__Instructions for the task__
Every entry should be duplicated verbatim, and no picture may appear in the copy.

————————

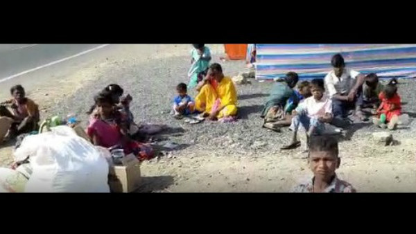 ಕೈಯಲ್ಲಿ ಕಾಸಿಲ್ಲದೆ, ಸಾರಿಗೆ ವ್ಯವಸ್ಥೆ ಇಲ್ಲದೆ, ತಿನ್ನಲು ಆಹಾರವೂ ಇಲ್ಲದ ಸುಮಾರು 50 ಕಾರ್ಮಿಕರು ನಡೆದುಕೊಂಡೇ ಮಹಾರಾಷ್ಟ್ರಕ್ಕೆ ತೆರಳುತ್ತಿದ್ದಾರೆ. ಪುಟ್ಟ ಪುಟ್ಟ ಕಂದಮ್ಮಗಳನ್ನ ತೋಳಲ್ಲಿ ಹೊತ್ತುಕೊಂಡು ರಣಬಿಸಿಲಿನಲ್ಲಿ ಗೂಡು ಸೇರಲು ಹೊರಟಿದ್ದಾರೆ ವಲಸೆ ಕಾರ್ಮಿಕರು.
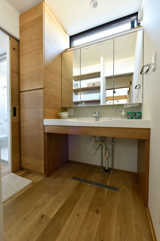 洗濯室を分けることで、洗面所をお客さまにも使ってもらえるように。これは、将来自宅で英会話教室を開くことを想定してのことだそうです。
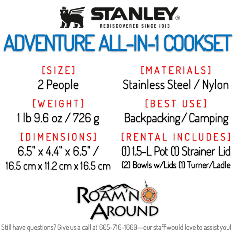 SKU: RENTAL:KITCHENCOOK:20-01 Categories: Backpacking, Camping, Camping Cookware Tags: #camping, backpacking, Badlands, Black Hills, Camp Cookware, Camp Kitchen, Rapid City, SD, South Dakota, Stanley
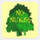 A green No Nukes anti-nuclear slogan with green trees and letters with leaves. Show the world you don't want nuclear energy in your environment.
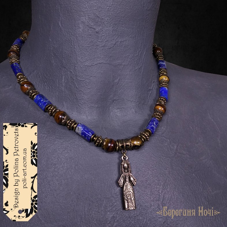 Матеріали: намистини натурального каміння Лазуриту і Тигрового Ока, а також фурнітура (намистини, обіймачі, поєднувачі, швензи та застібка) бронзового кольору - біжутерний сплав, підвіс ("Мотанка") бронзового тону - біжутерний сплав.
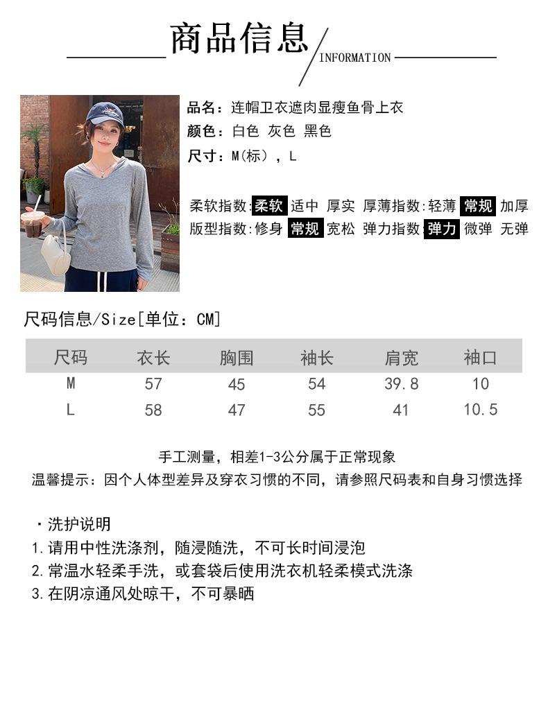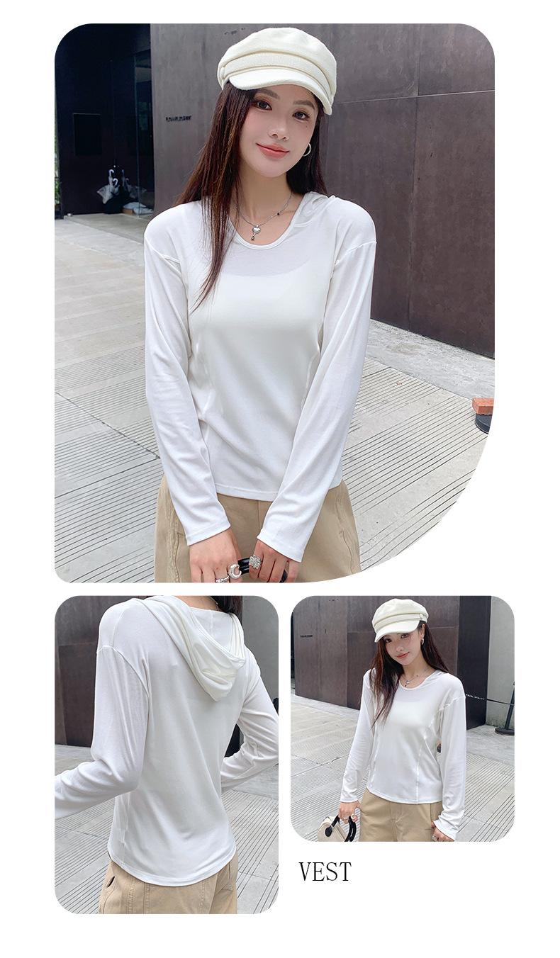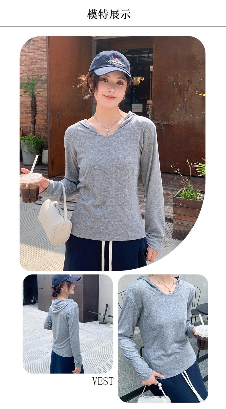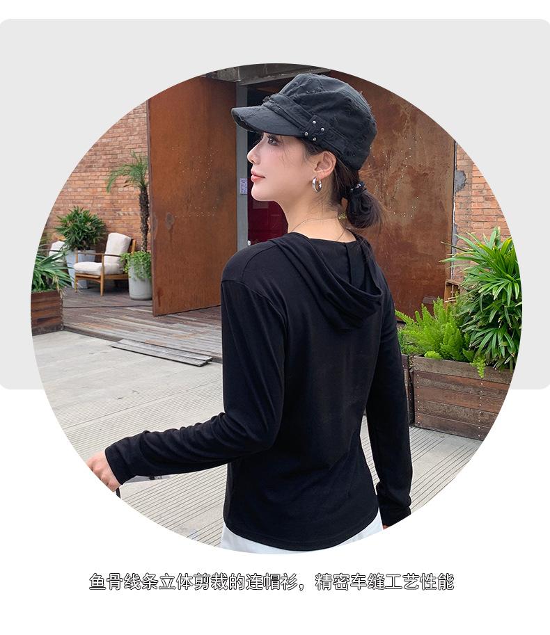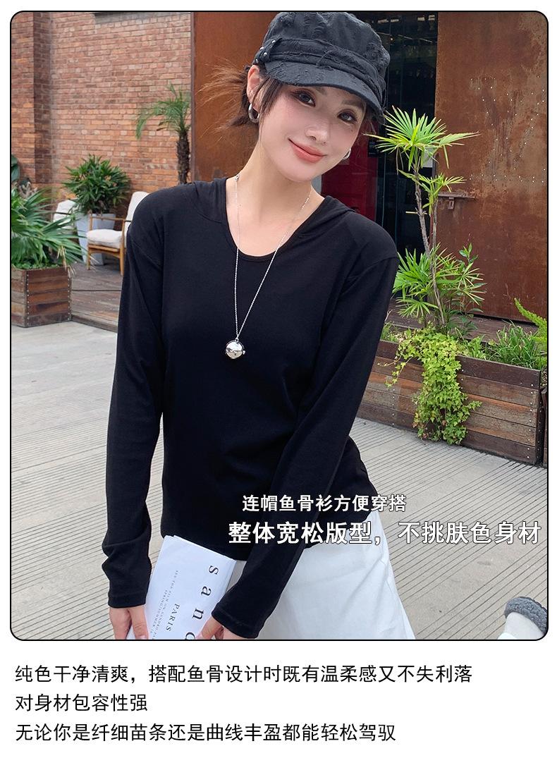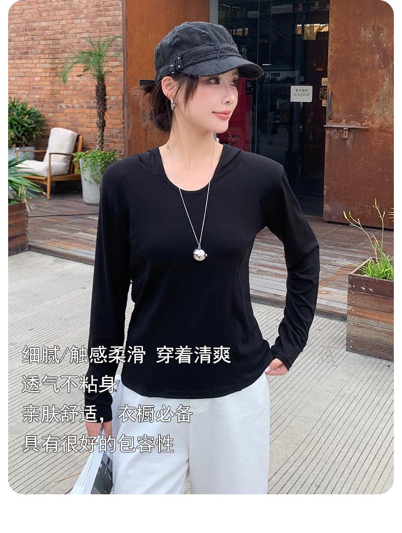 Playera de Manga Larga con Cuello en U Estilo Coreano para Mujer Primavera/Otoño 2025 Nueva Moda Ajuste Slim Sudadera con Capucha Capa Base Tejida
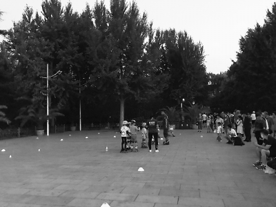 场上练着的,大多是孩子。家长们则自发围成大大小小的圈子,将公园北门内的空场分割利用起来。
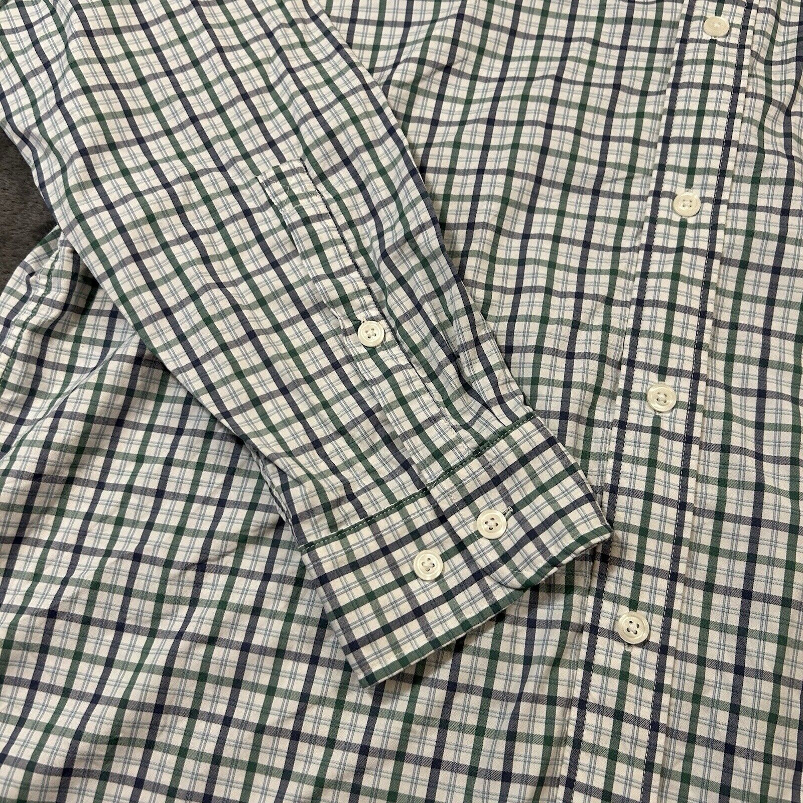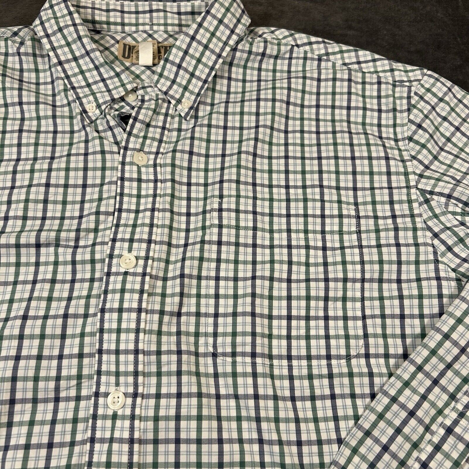 Duluth Trading Shirt Mens Extra Large White Green Check Button Up Nylon Stretch

————————

__Solution to this task__
 ಕೈಯಲ್ಲಿ ಕಾಸಿಲ್ಲದೆ, ಸಾರಿಗೆ ವ್ಯವಸ್ಥೆ ಇಲ್ಲದೆ, ತಿನ್ನಲು ಆಹಾರವೂ ಇಲ್ಲದ ಸುಮಾರು 50 ಕಾರ್ಮಿಕರು ನಡೆದುಕೊಂಡೇ ಮಹಾರಾಷ್ಟ್ರಕ್ಕೆ ತೆರಳುತ್ತಿದ್ದಾರೆ. ಪುಟ್ಟ ಪುಟ್ಟ ಕಂದಮ್ಮಗಳನ್ನ ತೋಳಲ್ಲಿ ಹೊತ್ತುಕೊಂಡು ರಣಬಿಸಿಲಿನಲ್ಲಿ ಗೂಡು ಸೇರಲು ಹೊರಟಿದ್ದಾರೆ ವಲಸೆ ಕಾರ್ಮಿಕರು.
 洗濯室を分けることで、洗面所をお客さまにも使ってもらえるように。これは、将来自宅で英会話教室を開くことを想定してのことだそうです。
 SKU: RENTAL:KITCHENCOOK:20-01 Categories: Backpacking, Camping, Camping Cookware Tags: #camping, backpacking, Badlands, Black Hills, Camp Cookware, Camp Kitchen, Rapid City, SD, South Dakota, Stanley
 A green No Nukes anti-nuclear slogan with green trees and letters with leaves. Show the world you don't want nuclear energy in your environment.
 Матеріали: намистини натурального каміння Лазуриту і Тигрового Ока, а також фурнітура (намистини, обіймачі, поєднувачі, швензи та застібка) бронзового кольору - біжутерний сплав, підвіс ("Мотанка") бронзового тону - біжутерний сплав.
 Playera de Manga Larga con Cuello en U Estilo Coreano para Mujer Primavera/Otoño 2025 Nueva Moda Ajuste Slim Sudadera con Capucha Capa Base Tejida
 场上练着的,大多是孩子。家长们则自发围成大大小小的圈子,将公园北门内的空场分割利用起来。
 Duluth Trading Shirt Mens Extra Large White Green Check Button Up Nylon Stretch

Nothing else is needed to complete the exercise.